Siglo XXI. El aburrimiento televisivo les había llevado a tomar la decisión de irse a la cama para leer un poco antes de dormirse. Al día siguiente no había que madrugar y la lectura siempre era un buen acompañante y estimulante de buenos sueños. Él, lo último de Stephen King. Ella, algo del español Javier Sierra. Él prefería el papel, tocarlo, olerlo. La lectura para él era un cúmulo de sensaciones que acababa con una buena historia entre las manos; ella, sin embargo, prefería lo liviano del formato digital. Al acomodarse cada uno en su sitio se sonrieron continuando cada uno su historia. Al sacar él su marcapáginas y dejarlo en su mesilla, ella se le quedó mirando con sus gafas apoyadas en el puente de su pequeña nariz, y con una sonrisa le dijo “Pero, ¡mira qué eres antiguo!”, algo que le repetía a menudo por no querer dejar su papel tan querido. Al fin el sueño se agarra a él con presión, incluso con ansia, y después de haber estado a punto de dormirse con gafas y todo, un par de veces decide dejarlo todo y disponerse a dormir. Se coloca de espaldas a su mujer, ya que la luz espectral de la tablet lo desconcertaba. Coloca su mano debajo de su mejilla, y cierra los ojos dejándose llevar en manos de Morfeo.

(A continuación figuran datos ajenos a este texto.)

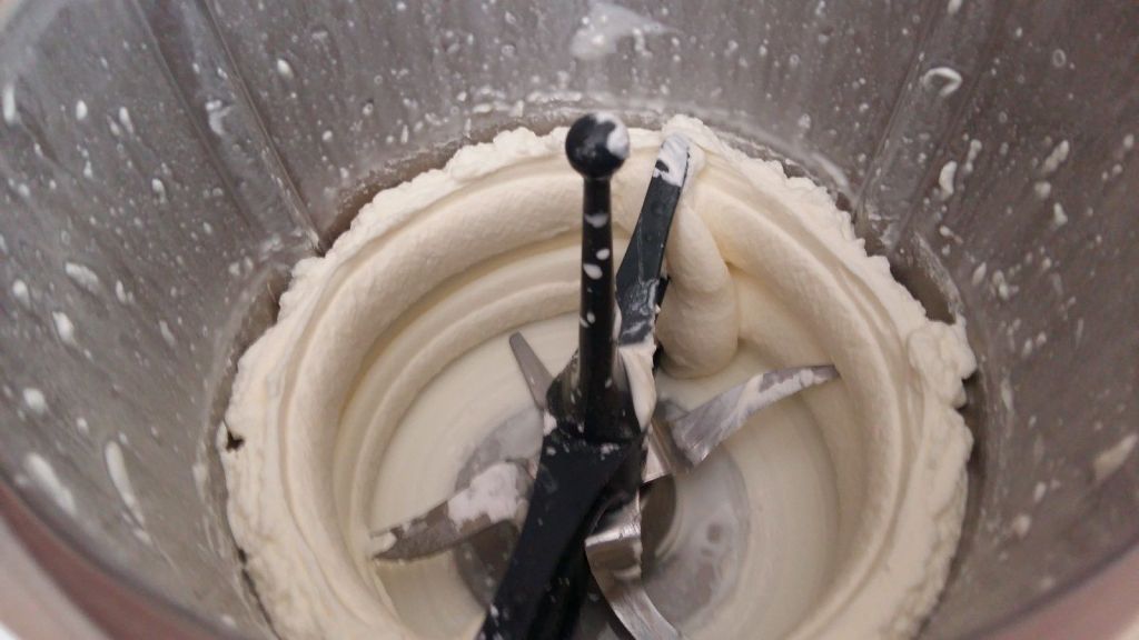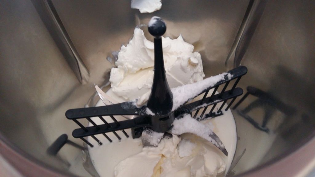 2. Insérer le fouet dans le bol, puis y déposer la crème, le sucre glace et le mascarpone, puis  fouetter 2min/Vit3. Enlever le fouet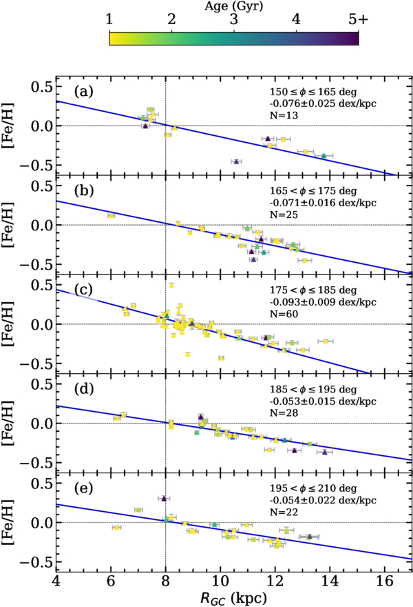 Metallicity gradients ([Fe/H]) as a function of the Galactocentric radius (RGC) for five slices in azimuth angle (ϕ): (a) 150° ≤ ϕ ≤ 165°, (b) 165° < ϕ ≤ 175°, (c) 175° < ϕ ≤ 185°, (d) 185° < ϕ ≤ 195°, and (e) 195° < ϕ ≤ 210°. Points are colored by the cluster age in Gyr, saturating at younger than 1 Gyr and older than 5 Gyr. The linear fits (blue lines), derived gradients, and number of clusters (N) used are shown in each panel. Fits were determined using only the clusters with 5 kpc ≤ RGC ≤ 14 kpc. The regions corresponding to these azimuth slices are shown on an X–Y plot in Figure 8.

Un ligero escalofrío recorrió su cuerpo cuando despertó. Notaba el calor del sol en su cara, algo tremendamente difícil desde que construyeron ese edificio delante de la salida del sol. Al abrir los ojos se incorporó como un resorte. Su mirada se dirigió alrededor de sí. ¡Era imposible! Su cama se encontraba en medio en lo que parecía ser una huerta. Su mesilla, qué digo, su casa no estaba, ni tampoco las de los alrededores. Se volvió para hablar con su mujer, pero tampoco estaba. Alguien le había querido gastar una broma pesada, pero que muy pesada. En cualquier momento esperaba ver cámaras de televisión y público riéndose de su estupefacción. Pero no ocurría nada de eso. No sabía dónde podía encontrarse. Se incorpora en la cama y, al levantarse y andar un paso, la cama tampoco estaba. El terror le atenazó empezando en su estómago y recorriendo todo su cuerpo. No llevaba las gafas y, sin embargo, veía con nitidez. ¿Dónde estaba? Era la pregunta que más repetía su mente. Decidió dar un vistazo a todo el alrededor, andando con cuidado de no pisar lo plantado. El estar soñando no era óbice para destrozar el trabajo de otros, ni siquiera en sueños. Al fondo veía unas grandes nubes de polvo y una especie de carretera. Cuando se dio la vuelta, la sorpresa fue todavía mayor: al fondo veía la Basílica del Pilar, y si creía que las sorpresas habían acabado, se dio cuenta de que no era así cuando se apercibió que al Pilar le faltaba una de sus características torres. Su mente intentaba racionalizar todo cuando, de repente, una piedra pasó rozándole la oreja.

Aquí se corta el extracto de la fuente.